Последние лучи солнца растаяли за лесом, и наступила кромешная тьма. Она усугублялась тем, что спутников у Сильванги не было, а от звезд толку было немного. Глендруид упорно не желал вылезать из раскопа и работал, нацепив на лоб фонарик. Но старику не везло: за три часа работы он обнаружил только небольшой отрезок насквозь проеденной коррозией трубы, которую с натяжкой можно было назвать канализационной. В конце концов Платон сказал, что с него хватит, вылез из ямы и присоединился к рабочим, которые с заходом солнца разожгли костер и, весело болтая на своем языке, жарили только что пойманную ящерицу. Симо, сидя в некотором отдалении, чистил ружье и что-то тихо напевал — как выяснилось впоследствии, слагал хвалебную песнь о своем подвиге в тоннеле. С точки зрения Платона песнь (после того, как Симо вкратце перевел ее) сильно отдавала манией величия и притом была насквозь лживой. Особенно не понравились Платону выражения «но слеп, как крот, был друг беспечный» и «лишь смерти жалобно просил он, тщась челюсти разжать бессильною рукой». В ответ на возмущение археолога Симо невозмутимо ответил, что традиции жанра позволяют автору песни некоторые преувеличения ради красоты слога и законченности сюжета. А что касается господина профессора, никто не мешает ему сложить песню о своем подвиге, если он, конечно, считает, что совершил нечто достойное так называться.
Платон объяснения принял, но все равно обиделся. После того, как Симо дважды исполнил свою балладу на бис и приготовился спеть ее в третий раз, археолог ушел в палатку к Глендруиду, чтобы обсудить открытия сегодняшнего дня. Но и здесь все кончилось неблагополучно: археологи крепко разругались. Глендруид с большим интересом слушал рассказ Платона об исследовании тоннеля и борьбе с подземным чудовищем до тех пор, пока Рассольников не завел речь о рельсах и не заявил, что «доирунгийская цивилизация была, без сомнения, высокоразвитой, и подтверждения этому встречаются на каждом шагу». Для Глендруида это заявление стало последней каплей; он закричал, что ведет раскопки на Сильванге уже не один десяток лет, и Платон, который не успел пробыть здесь и месяца, вообще не имеет права высказывать какие бы то ни было догадки. После этой гневной речи Глендруид выскочил из палатки и гордо ушел спать в плетеный шалаш. Несколько таких шалашей построили для себя рабочие: хрупкие конические постройки располагались на локоть от земли на вбитых в землю колышках. «Да пожалуйста, — пожал плечами Платон. — Мне же будет просторнее. Пусть его там комары заедят».

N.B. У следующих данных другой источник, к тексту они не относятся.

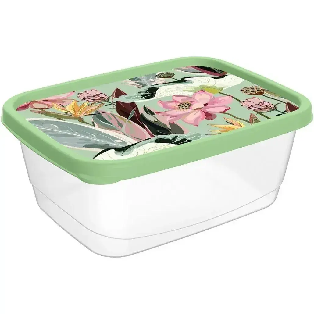 Контейнер для продуктов прямоугольный 1,5л с цветочным декором, пластик, цвет в ассортименте
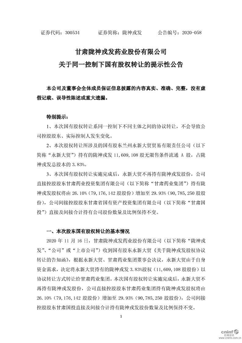 关于同一控制下国有股权转让的提示性公告

Платон проснулся от страшной духоты, не понимая, где он и что с ним происходит. В спальном мешке было тепло и уютно, но лицо археолога почему-то оказалось мокрым, а кончик носа даже замерз. Платон высунул руку из спального мешка, нащупал во влажной темноте фонарь и зажег его. «Ничего себе!» — подумал он, растерянно глядя на размытое пятно тусклого света в своей руке. Его окружал густой зеленоватый туман, в котором невозможно было разглядеть даже стены палатки. Туман был настолько насыщен влагой, что каждый вздох давался Платону с трудом: ему казалось, будто он находится под водой. Откуда-то издалека доносились приглушенные голоса — должно быть, рабочие тоже проснулись. «Надеюсь, туман не опасен, — встревоженно подумал Платон. — Не хотелось бы задохнуться или подхватить какую-нибудь болезнь в этом болоте». Археолог попытался заснуть, но проклятый туман становился все гуще. От тщетных усилий вдохнуть побольше воздуха у Платона вскоре снова разболелась грудь. «Это невыносимо!» — пробормотал он и решил выйти наружу проветриться, а заодно поискать Симо или Глендруида. Платон вылез из мешка и ощутил, что его одежда мгновенно отсырела, словно он нырнул в реку. «Не хватало только простудиться!» — проворчал он, вылезая из палатки. В тот же миг он пожалел о своем намерении. Туман, забравшийся в палатку, был кристально чистым воздухом по сравнению с тем, что творилось снаружи. В этом зеленом облаке Платон не мог рассмотреть даже собственные руки. Туман сковывал движения и почти полностью блокировал дыхание.